### TO DO
Would you output all the lines below precisely as they stand, leaving each picture out?

### EXTRACTED DATA
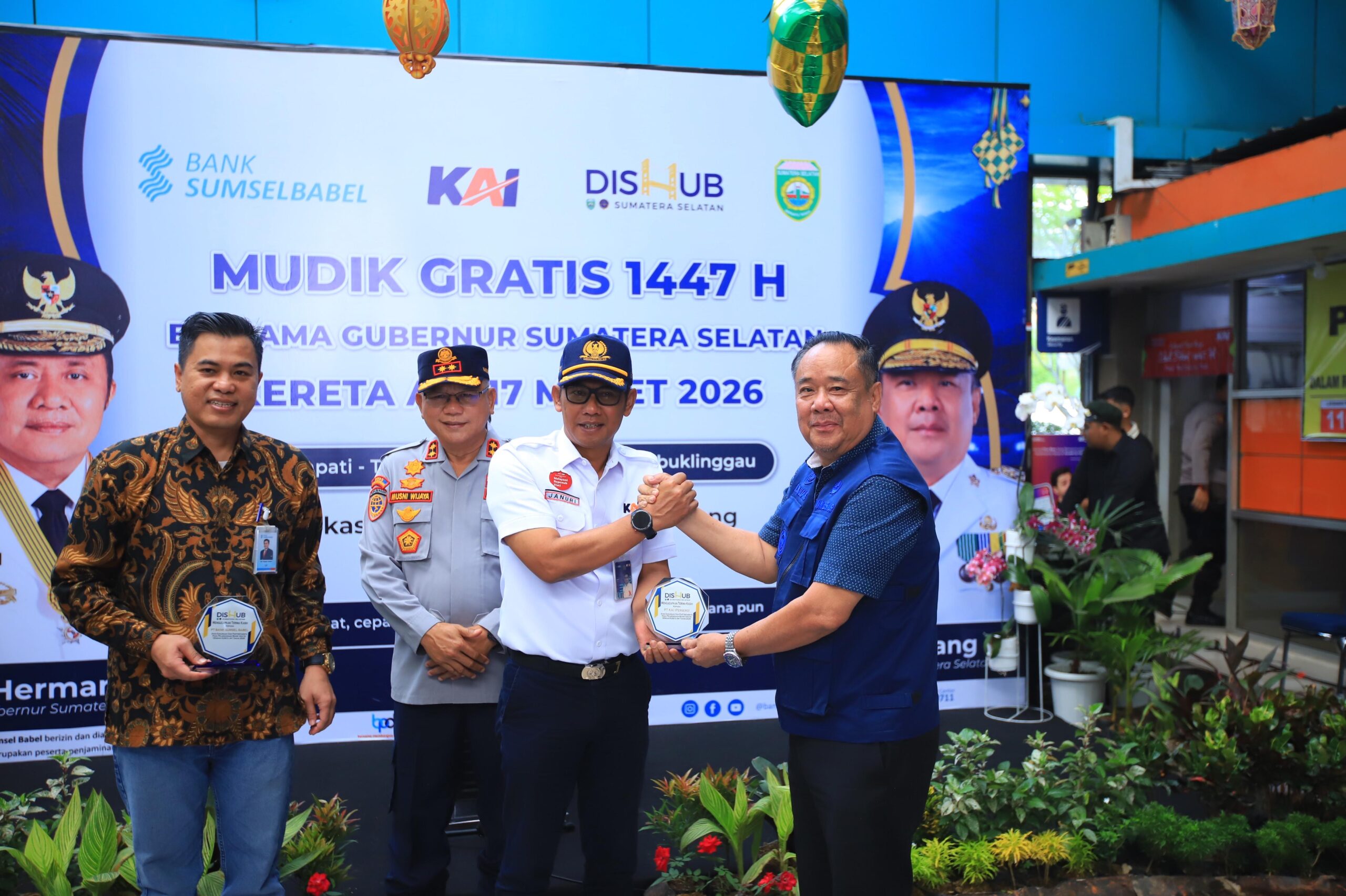 Selain pemberangkatan kereta api, pada momentum Mudik Lebaran Idulfitri 1447 H ini Pemerintah Provinsi Sumatera Selatan juga melepas program mudik gratis menggunakan bus antarkota dan antarprovinsi yang membawa pemudik ke sejumlah daerah tujuan.
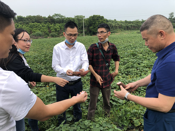 农村科技特派员团队在吴川市覃巴镇沙田村了解番薯种植情况
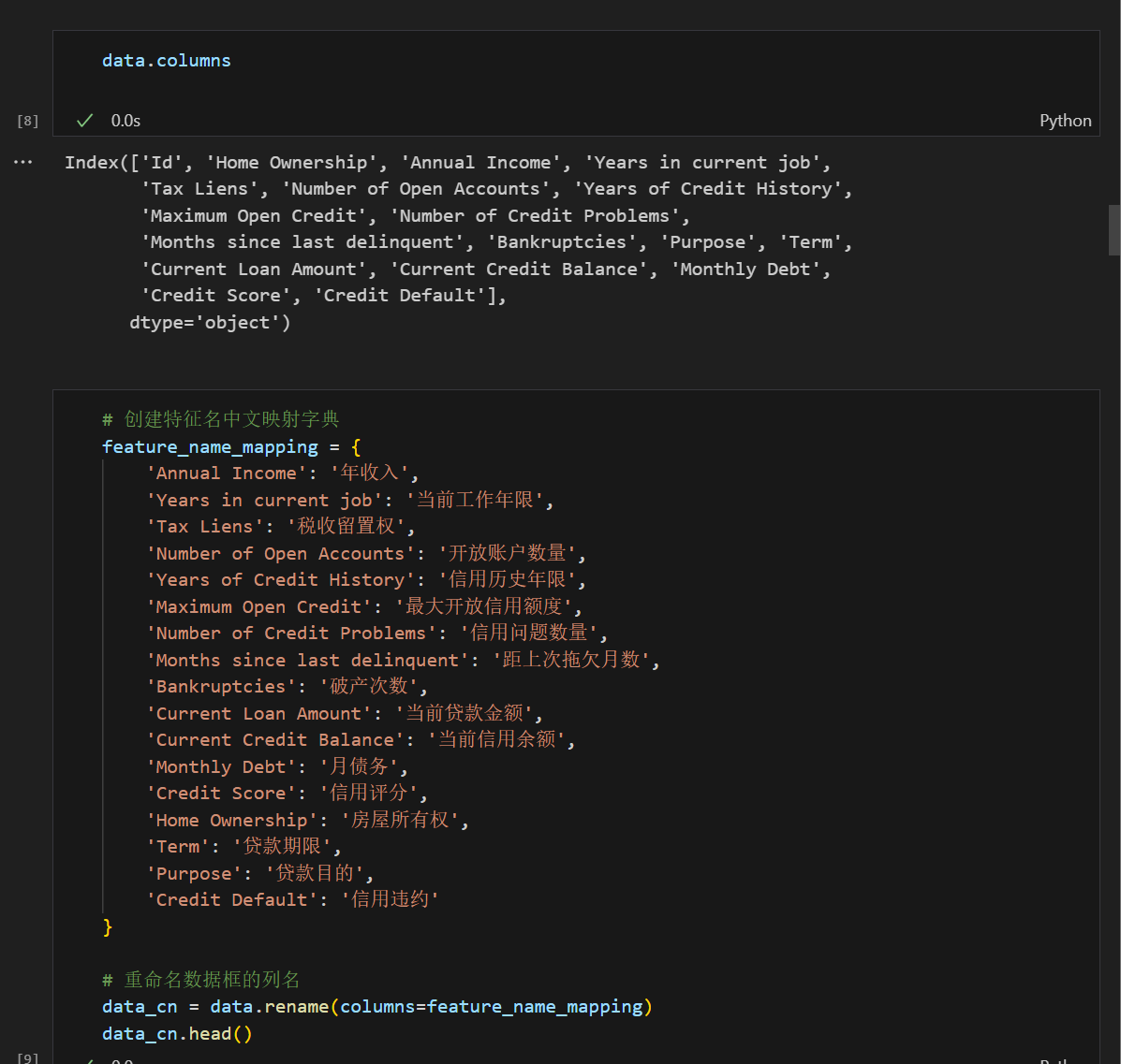 为了更好地理解数据,我们将英文特征名映射为中文特征名。
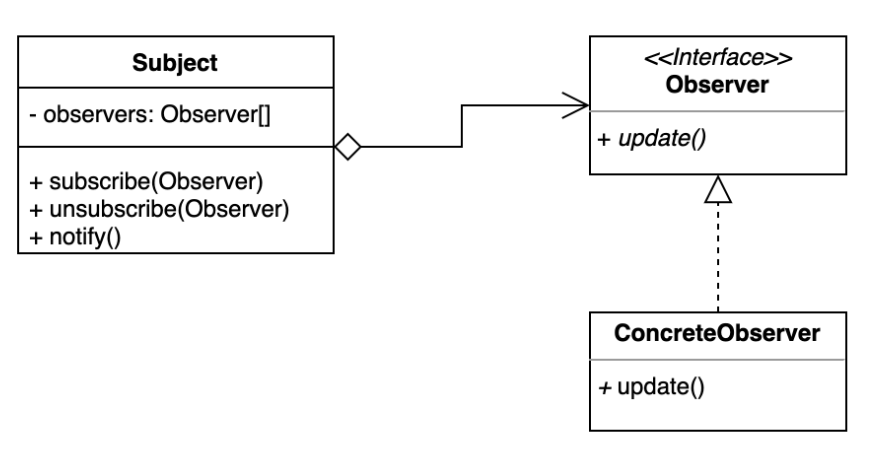 - Subject : 감시자들을 알고 있는 주체. 임의 개수의 감시자 객체는 주체를 감시할 수 있다. 주체는 감시자 객체를 붙이거나 떼는 데 필요한 인터페이스를 제공.
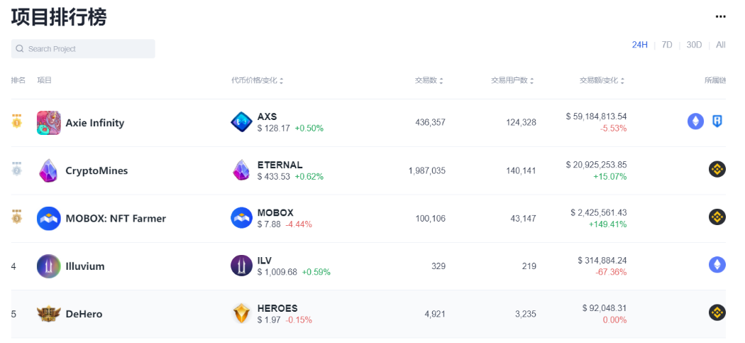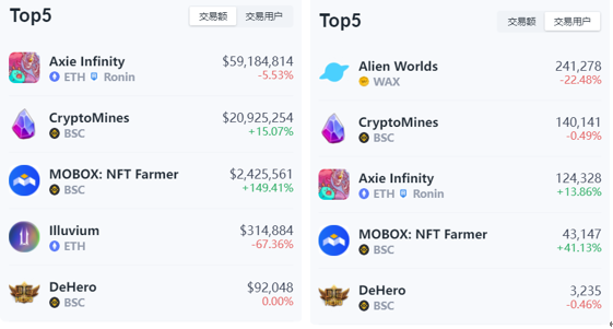GameFi市场数据的右侧是按以24小时时间维度变化的Top 5项目,用户可根据交易额和交易用户数直观地看到近24小时内较为热门的项目,如果有新项目登上该榜,也能帮助用户更好地发现短期内市场的波动。
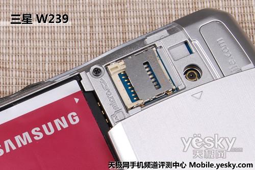 機身右側下方是該機耳機、數(shù)據(jù)線、充電器三合一接口,采用三星自主標準。而microSD卡插槽則需要打開電池后蓋才能看到,同樣支持熱插拔。
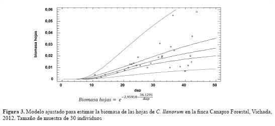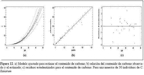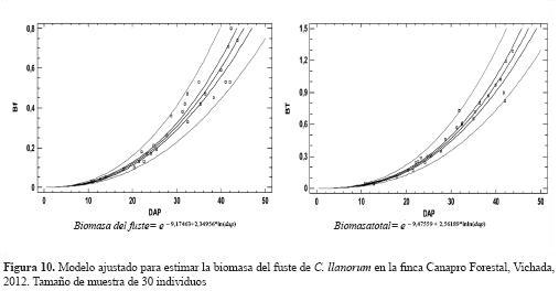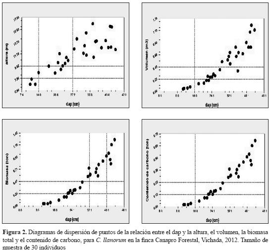 El contenido de carbono para cada árbol de la especie C. llanorum está dado por la relación ; los estadísticos calculados para esta ecuación son similares a los que presentaron las ecuaciones ajustadas para la biomasa del fuste y la biomasa total; esto se debió a que en el fuste se encuentra concentrado el mayor porcentaje de biomasa del árbol, de esta manera se determinan los modelos que más se ajustan para establecer el contenido de biomasa total, lo que coincide con el mismo modelo utilizado para estimar la biomasa total aérea que ajustaron Montero & Kanninen (2002) y Díaz et al. (2007).
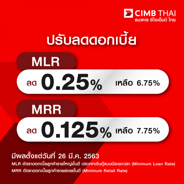 CIMB THAI ปรับลดดอกเบี้ยเงินกู้ MLR ลงเหลือ 6.75% และลด MRR…เหลือ 7.75% มีผลวันที่ 26 มี.ค. 2563 เป็นต้นไป

### FINAL ANSWER
 Selain pemberangkatan kereta api, pada momentum Mudik Lebaran Idulfitri 1447 H ini Pemerintah Provinsi Sumatera Selatan juga melepas program mudik gratis menggunakan bus antarkota dan antarprovinsi yang membawa pemudik ke sejumlah daerah tujuan.
 农村科技特派员团队在吴川市覃巴镇沙田村了解番薯种植情况
 为了更好地理解数据,我们将英文特征名映射为中文特征名。
 - Subject : 감시자들을 알고 있는 주체. 임의 개수의 감시자 객체는 주체를 감시할 수 있다. 주체는 감시자 객체를 붙이거나 떼는 데 필요한 인터페이스를 제공.
GameFi市场数据的右侧是按以24小时时间维度变化的Top 5项目,用户可根据交易额和交易用户数直观地看到近24小时内较为热门的项目,如果有新项目登上该榜,也能帮助用户更好地发现短期内市场的波动。
 機身右側下方是該機耳機、數(shù)據(jù)線、充電器三合一接口,采用三星自主標準。而microSD卡插槽則需要打開電池后蓋才能看到,同樣支持熱插拔。
 El contenido de carbono para cada árbol de la especie C. llanorum está dado por la relación ; los estadísticos calculados para esta ecuación son similares a los que presentaron las ecuaciones ajustadas para la biomasa del fuste y la biomasa total; esto se debió a que en el fuste se encuentra concentrado el mayor porcentaje de biomasa del árbol, de esta manera se determinan los modelos que más se ajustan para establecer el contenido de biomasa total, lo que coincide con el mismo modelo utilizado para estimar la biomasa total aérea que ajustaron Montero & Kanninen (2002) y Díaz et al. (2007).
 CIMB THAI ปรับลดดอกเบี้ยเงินกู้ MLR ลงเหลือ 6.75% และลด MRR…เหลือ 7.75% มีผลวันที่ 26 มี.ค. 2563 เป็นต้นไป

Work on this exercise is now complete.